I originally bought a one-way ticket to New York, switched it to L.A. at the last minute, and moved within the following week. I didn’t know anybody. It was weird, like the first day of school where you don’t know anybody. It was very strange, very scary actually.
The new songs focus on mental health, which is something I’ve always been quite passionate about. The move kicked all of that back up again. I wouldn’t be able to do any of this if it weren’t for those fans, and it’s very important to give back. It did fill a bit of a void for human interaction, just being on the phone while still trying to get back up on my feet. There’s a lot of people going through a lot of stress, going through a lot of worry, so I wanted to make myself available.
The main thing was that I wanted to get away from the U.K., so I made this move. When I got here, I took a bit of time off, just to focus on myself for a few months. Then I started to think, “Well, I need to document this first year, and I obviously need to use this first year to dial myself in and feel comfortable.” It was almost like a diary. I wanted to be able to go “this song is about shitty L.A. people, this song is about loneliness in a new country, this song is about starting a relationship in a different country.” Each song is its own kind of backstory.
It’s because documenting that year felt important. I feel like a lot of people will move cities, and a lot of people will move countries. Yeah, that’s going to inspire, but I would want to experience that in a new way. If someone taught me “this song is influenced by a move in a country,” or something like that, then I’d really want to understand them. It’s important to have them in that order so people can go through it with me and the reflection of it. It’s just songwriting is my story, basically, and I put them all together on an album in the order that it happened.
A song like “Yesterday,” which started the whole thing, is a song I’m really proud of. It’s a kind of song I had not written before. I remember writing it, and I remember playing the guitar in a new tuning, and it all felt very new. I was actually proud of myself in the way that I wrote that song. I kind of challenged myself. I really pushed myself to do that, so I enjoyed that one.
I’ve been thinking about that a lot. It’s weird because this first time, I was like “I’m going to spend these first two years here. I’d like to have a year of experiences and writing songs, and maybe the second year I’ll go to the studio.” So I’ve done all of that now, but I’m definitely not ready to leave yet. I’ve been thinking that I’d really like to hit five years, spend another three years and see how it goes, maybe another album. I’ll see where I go then.
Well, it’s weird.
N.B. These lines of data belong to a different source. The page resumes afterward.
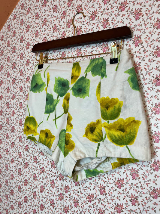 Vintage 1950s Hand Made Floral Brocade Blue & Green Bardot Mini Dress
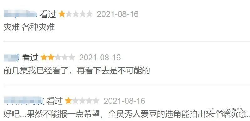 热度全网第三的它,这豆瓣上却收成了一片差评,百分之九十多的观众都给了一颗星的评估。
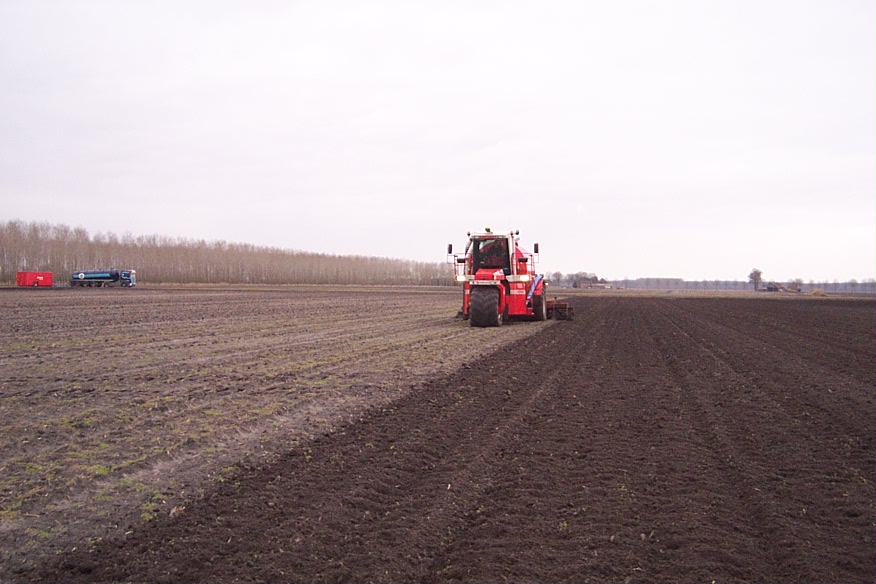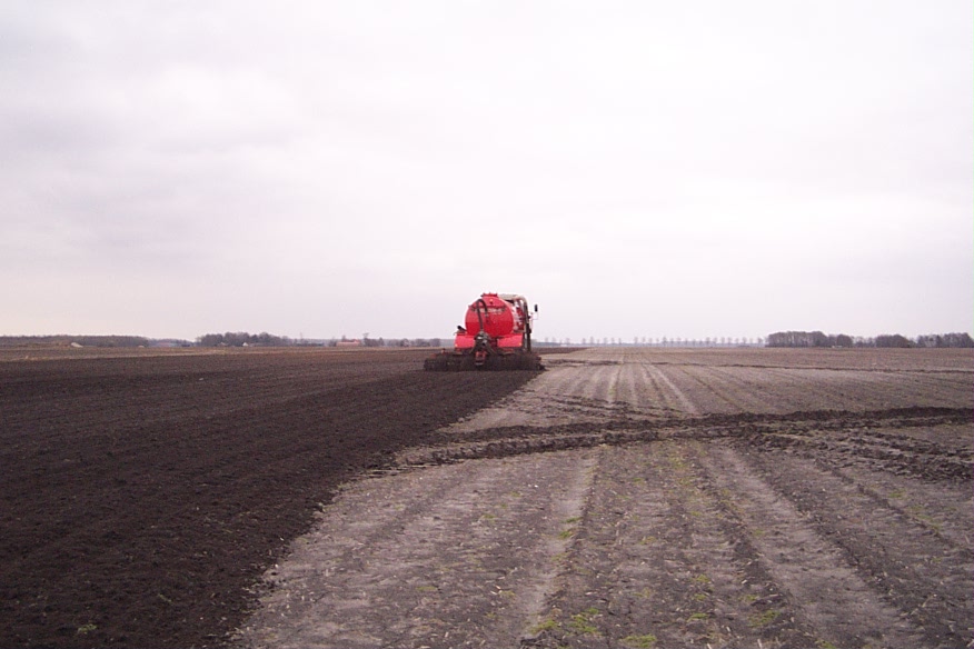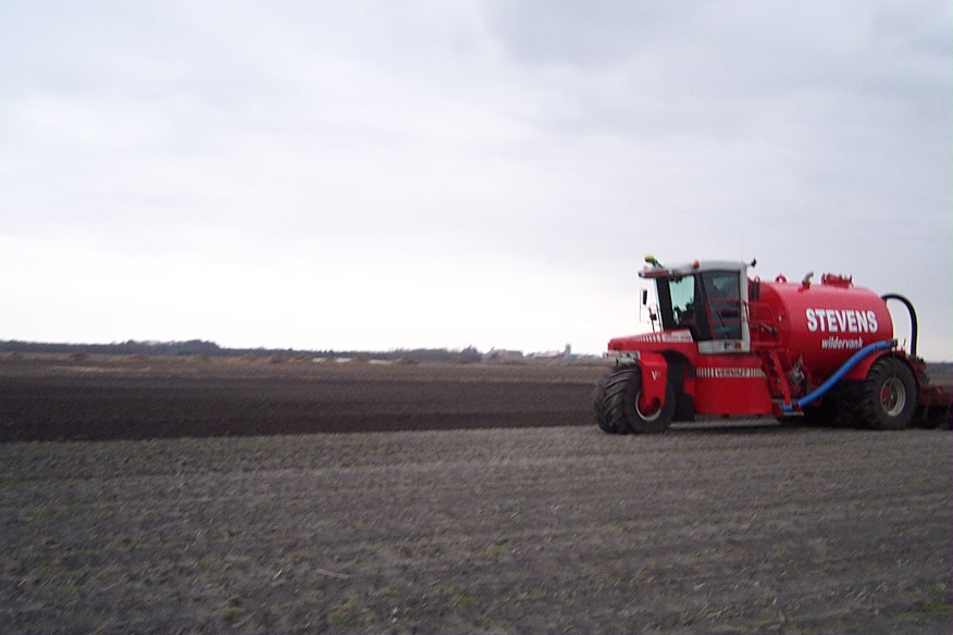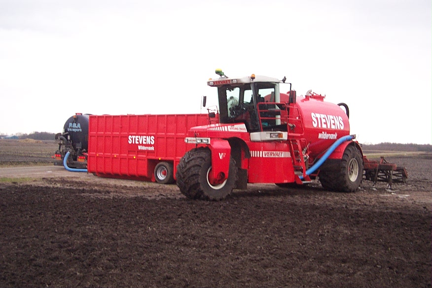 Loonbedrijf Stevens Wildervank druk in de mest met een Vervaet hydro trike met gps in Drouwenerveen.
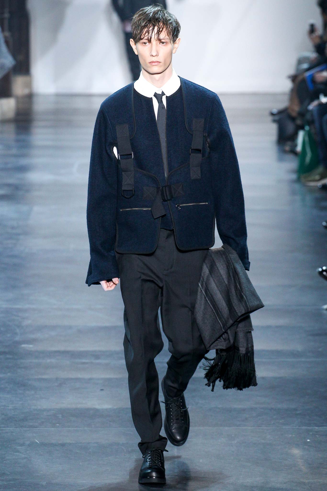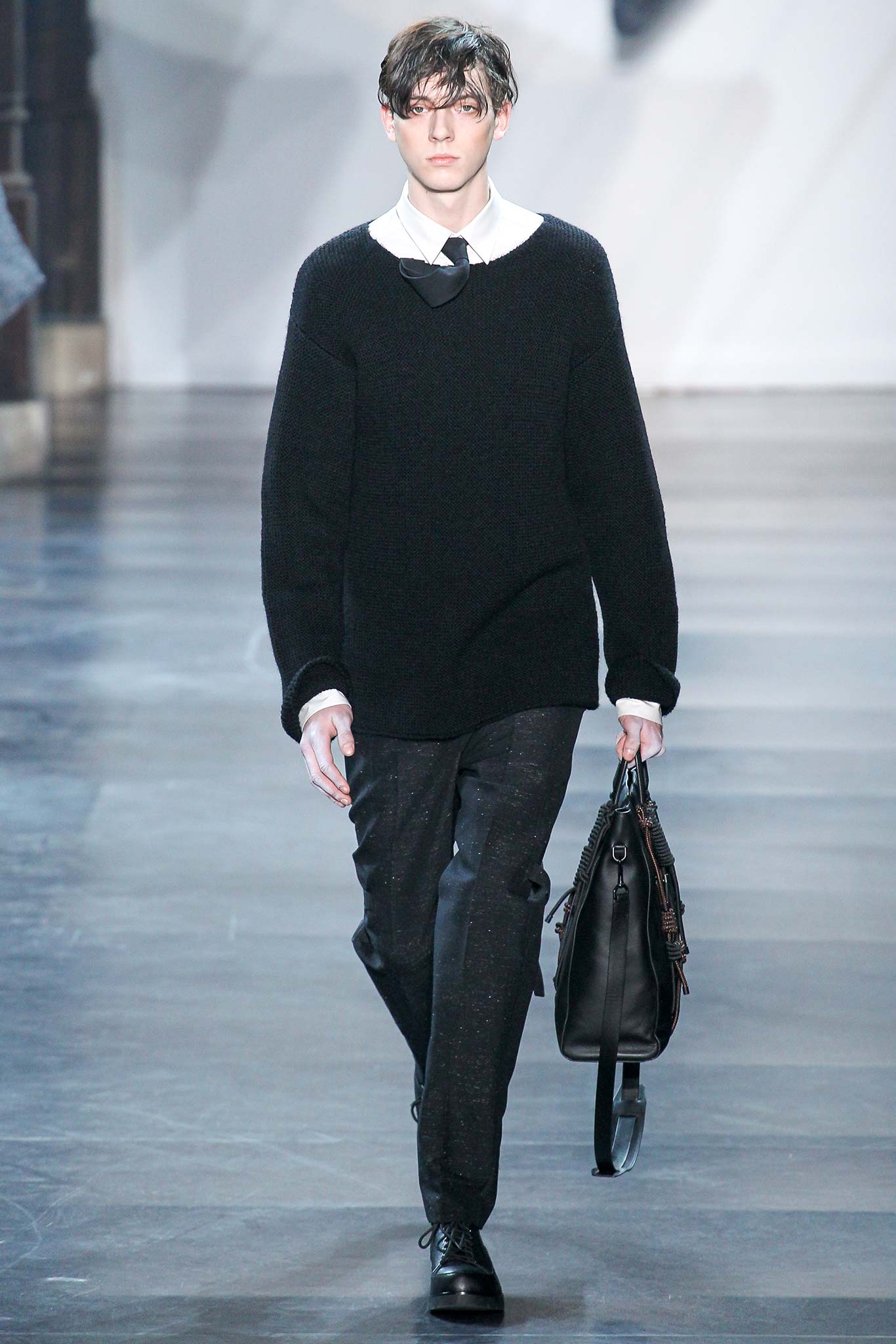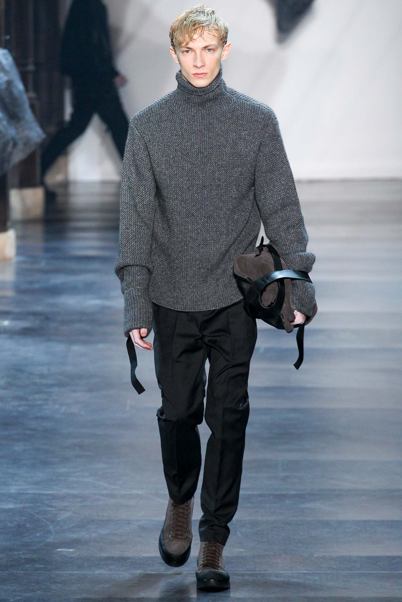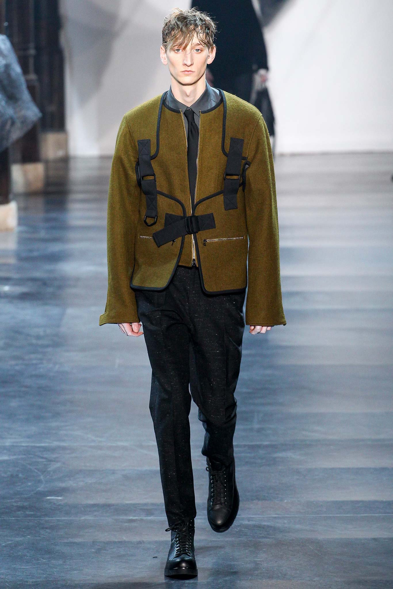 Rock-climbing as a metaphor for life, rather than a straight-up inspiration for a collection, the designer explained before his Paris show. Of course, it is about the state of mind, but this also provided him with a slew of decorative knots as a lifeline throughout the lineup (from belts to shoes, to backpacks and clutches, to knotted into a loose, giant-cell fishnet tee). “Is it safety or subversion?” he mused, pointing alternatively to a gorgeous khaki wool coat simply held shut by a length of rope and the aforementioned fishnet tunic. This theme also helped ground Lim, steering him away from the overbearing bulkiness that distracted in earlier collections. All this sportswear was well distilled into a collection that was as trim and polished as could be expected of any Lim offering. The best looks were no doubt the urbane variations that seemed the simplest, like a thin blouson in a woven knot motif. Likewise, coats and sharp parkas had unmediated appeal.
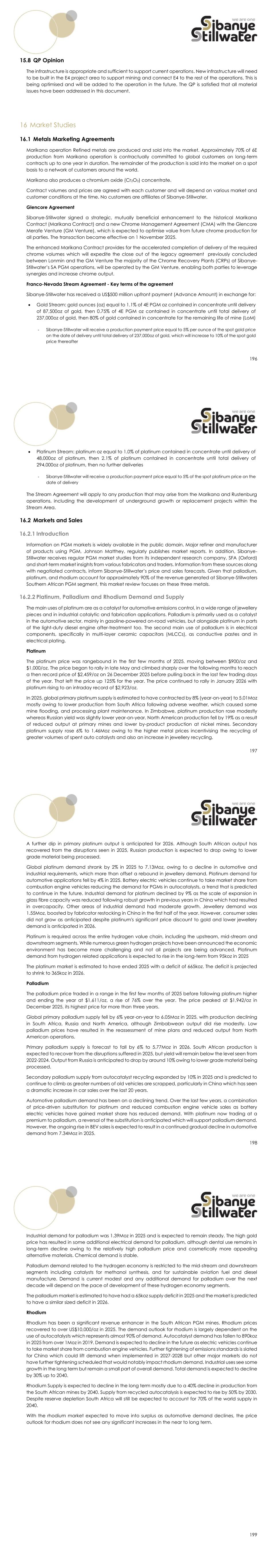 196 15.8 QP Opinion The infrastructure is appropriate and sufficient to support current operations. New infrastructure will need to be built in the E4 project area to support mining and connect E4 to the rest of the operations. This is being optimised and will be added to the operation in the future. The QP is satisfied that all material issues have been addressed in this document. 16 Market Studies 16.1 Metals Marketing Agreements Marikana operation Refined metals are produced and sold into the market. Approximately 70% of 6E production from Marikana operation is contractually committed to global customers on long-term contracts up to one year in duration. The remainder of the production is sold into the market on a spot basis to a network of customers around the world. Marikana also produces a chromium oxide (Cr2O3) concentrate. Contract volumes and prices are agreed with each customer and will depend on various market and customer conditions at the time. No customers are affiliates of Sibanye-Stillwater. Glencore Agreement Sibanye-Stillwater signed a strategic, mutually beneficial enhancement to the historical Marikana Contract (Marikana Contract) and a new Chrome Management Agreement (CMA) with the Glencore Merafe Venture (GM Venture), which is expected to optimise value from future chrome production for all parties. The transaction became effective on 1 November 2025. The enhanced Marikana Contract provides for the accelerated completion of delivery of the required chrome volumes which will expedite the close out of the legacy agreement previously concluded between Lonmin and the GM Venture The majority of the Chrome Recovery Plants (CRPs) at Sibanye- Stillwater’s SA PGM operations, will be operated by the GM Venture, enabling both parties to leverage synergies and increase chrome output. Franco-Nevada Stream Agreement - Key terms of the agreement Sibanye-Stillwater has received a US$500 million upfront payment (Advance Amount) in exchange for: • Gold Stream: gold ounces (oz) equal to 1.1% of 4E PGM oz contained in concentrate until delivery of 87,500oz of gold, then 0.75% of 4E PGM oz contained in concentrate until total delivery of 237,000oz of gold, then 80% of gold contained in concentrate for the remaining life of mine (LoM) - Sibanye-Stillwater will receive a production payment price equal to 5% per ounce of the spot gold price on the date of delivery until total delivery of 237,000oz of gold, which will increase to 10% of the spot gold price thereafter 197 • Platinum Stream: platinum oz equal to 1.0% of platinum contained in concentrate until delivery of 48,000oz of platinum, then 2.1% of platinum contained in concentrate until total delivery of 294,000oz of platinum, then no further deliveries - Sibanye-Stillwater will receive a production payment price equal to 5% of the spot platinum price on the date of delivery The Stream Agreement will apply to any production that may arise from the Marikana and Rustenburg operations, including the development of underground growth or replacement projects within the Stream Area. 16.2 Markets and Sales 16.2.1 Introduction Information on PGM markets is widely available in the public domain. Major refiner and manufacturer of products using PGM, Johnson Matthey, regularly publishes market reports. In addition, Sibanye- Stillwater receives regular PGM market studies from its independent research company, SFA (Oxford) and short-term market insights from various fabricators and traders. Information from these sources along with negotiated contracts, inform Sibanye-Stillwater’s price and sales forecasts. Given that palladium, platinum, and rhodium account for approximately 90% of the revenue generated at Sibanye-Stillwaters Southern African PGM segment, this market review focuses on these three metals. 16.2.2 Platinum, Palladium and Rhodium Demand and Supply The main uses of platinum are as a catalyst for automotive emissions control, in a wide range of jewellery pieces and in industrial catalytic and fabrication applications. Palladium is primarily used as a catalyst in the automotive sector, mainly in gasoline-powered on-road vehicles, but alongside platinum in parts of the light-duty diesel engine after-treatment too. The second main use of palladium is in electrical components, specifically in multi-layer ceramic capacitors (MLCCs), as conductive pastes and in electrical plating. Platinum The platinum price was rangebound in the first few months of 2025, moving between $900/oz and $1,000/oz. The price began to rally in late May and climbed sharply over the following months to reach a then record price of $2,459/oz on 26 December 2025 before pulling back in the last few trading days of the year. That left the price up 125% for the year. The price continued to rally in January 2026 with platinum rising to an intraday record of $2,923/oz. In 2025, global primary platinum supply is estimated to have contracted by 8% (year-on-year) to 5.01Moz mostly owing to lower production from South Africa following adverse weather, which caused some mine flooding, and processing plant maintenance. In Zimbabwe, platinum production rose modestly whereas Russian yield was slightly lower year-on-year. North American production fell by 19% as a result of reduced output at primary mines and lower by-product production at nickel mines. Secondary platinum supply rose 6% to 1.46Moz owing to the higher metal prices incentivising the recycling of greater volumes of spent auto catalysts and also an increase in jewellery recycling. 198 A further dip in primary platinum output is anticipated for 2026. Although South African output has recovered from the disruptions seen in 2025, Russian production is expected to drop owing to lower grade material being processed. Global platinum demand shrank by 2% in 2025 to 7.13Moz, owing to a decline in automotive and industrial requirements, which more than offset a rebound in jewellery demand. Platinum demand for automotive a

It’s such a strange feeling for me; I’m about to put an album out, and I’m not able to tour it. When you release an album, you tour it. It’s part of the promotion, but that’s not going on, and it’s strange to put out an album. I think I’m just going to keep releasing more music. I think I’ve finally found my sound. It’s come full circle, and I’m very happy with where I am right now musically. So I just want to keep putting out music like this, and we’ll see what happens in the future with all the COVID stuff.
Yeah, you’re running a business, and it’s so strange for people. The campaign is a part of that business, and the campaign can last a year because you tour and you have festival season. But that campaign has gone from being a year to almost a couple of weeks now. It’s so strange. A lot of people have to think on their feet, which is kind of exciting, as well. I guess we’ll just have to see what happens, but for the most part, I’m just going to keep doing music and keep it all going.